- **Required action**
Copy the lines below as they are; omit the images they contain.

- **Supplied data**
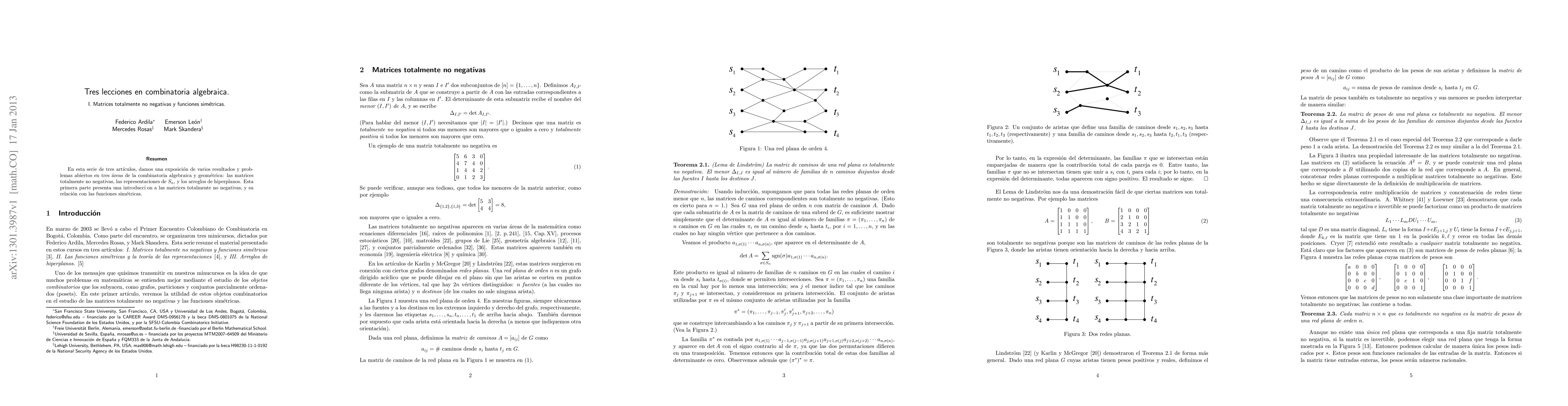 En esta serie de tres articulos, damos una exposicion de varios resultados y problemas abiertos en tres areas de la combinatoria algebraica y geometrica: las matrices totalmente no negativas, las representaciones del grupo simetrico, y los arreglos de hiperplanos. Esta primera parte presenta una introduccion a las matrices totalmente no negativas, y su relacion con las funciones simetricas. In this series of three articles, we give an exposition of various results and open problems in three areas of algebraic and geometric combinatorics: totally non-negative matrices, representations of the symmetric group, and hyperplane arrangements. This first part presents an introduction to totally non-negative matrices and their relationship with symmetric functions.
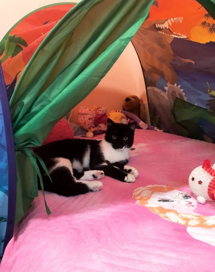 Тези палатки опънахме за човешките ни деца, но и котараците им се радват много. Крият се, спят в тях, препускат.. 😁
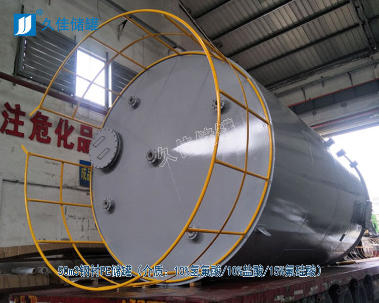 氫氟酸儲(chǔ)罐材質(zhì)  廣東鋼襯PE氫氟酸儲(chǔ)罐廠家 久佳牌 訂制 鋼襯塑酸堿儲(chǔ)存罐特性:鋼襯塑儲(chǔ)罐由于其獨(dú)特的滾塑工藝、產(chǎn)品整體結(jié)構(gòu)和材料優(yōu)異性能,具有整體性好、強(qiáng)度高、無(wú)焊縫、不滲漏、抗沖擊、韌性好、重量輕、壽命長(zhǎng)、耐酸堿、耐有機(jī)溶媒、符合衛(wèi)生標(biāo)準(zhǔn)、價(jià)格低廉、規(guī)格品種多等特點(diǎn)。尤其耐腐蝕、長(zhǎng)壽命和大規(guī)格品種有非常大的優(yōu)勢(shì),是貯存和運(yùn)輸各類化工液體半固體的理想產(chǎn)品。其性能大大超過(guò)了傳統(tǒng)的玻璃鋼、陶瓷、橡膠、焊接塑料等材料制作的防腐儲(chǔ)罐。已成為傳統(tǒng)防腐儲(chǔ)罐的升級(jí)換代產(chǎn)品,逐漸成為防腐儲(chǔ)罐的首選產(chǎn)品。

- **Response to this task**
 En esta serie de tres articulos, damos una exposicion de varios resultados y problemas abiertos en tres areas de la combinatoria algebraica y geometrica: las matrices totalmente no negativas, las representaciones del grupo simetrico, y los arreglos de hiperplanos. Esta primera parte presenta una introduccion a las matrices totalmente no negativas, y su relacion con las funciones simetricas. In this series of three articles, we give an exposition of various results and open problems in three areas of algebraic and geometric combinatorics: totally non-negative matrices, representations of the symmetric group, and hyperplane arrangements. This first part presents an introduction to totally non-negative matrices and their relationship with symmetric functions.
 Тези палатки опънахме за човешките ни деца, но и котараците им се радват много. Крият се, спят в тях, препускат.. 😁
 氫氟酸儲(chǔ)罐材質(zhì)  廣東鋼襯PE氫氟酸儲(chǔ)罐廠家 久佳牌 訂制 鋼襯塑酸堿儲(chǔ)存罐特性:鋼襯塑儲(chǔ)罐由于其獨(dú)特的滾塑工藝、產(chǎn)品整體結(jié)構(gòu)和材料優(yōu)異性能,具有整體性好、強(qiáng)度高、無(wú)焊縫、不滲漏、抗沖擊、韌性好、重量輕、壽命長(zhǎng)、耐酸堿、耐有機(jī)溶媒、符合衛(wèi)生標(biāo)準(zhǔn)、價(jià)格低廉、規(guī)格品種多等特點(diǎn)。尤其耐腐蝕、長(zhǎng)壽命和大規(guī)格品種有非常大的優(yōu)勢(shì),是貯存和運(yùn)輸各類化工液體半固體的理想產(chǎn)品。其性能大大超過(guò)了傳統(tǒng)的玻璃鋼、陶瓷、橡膠、焊接塑料等材料制作的防腐儲(chǔ)罐。已成為傳統(tǒng)防腐儲(chǔ)罐的升級(jí)換代產(chǎn)品,逐漸成為防腐儲(chǔ)罐的首選產(chǎn)品。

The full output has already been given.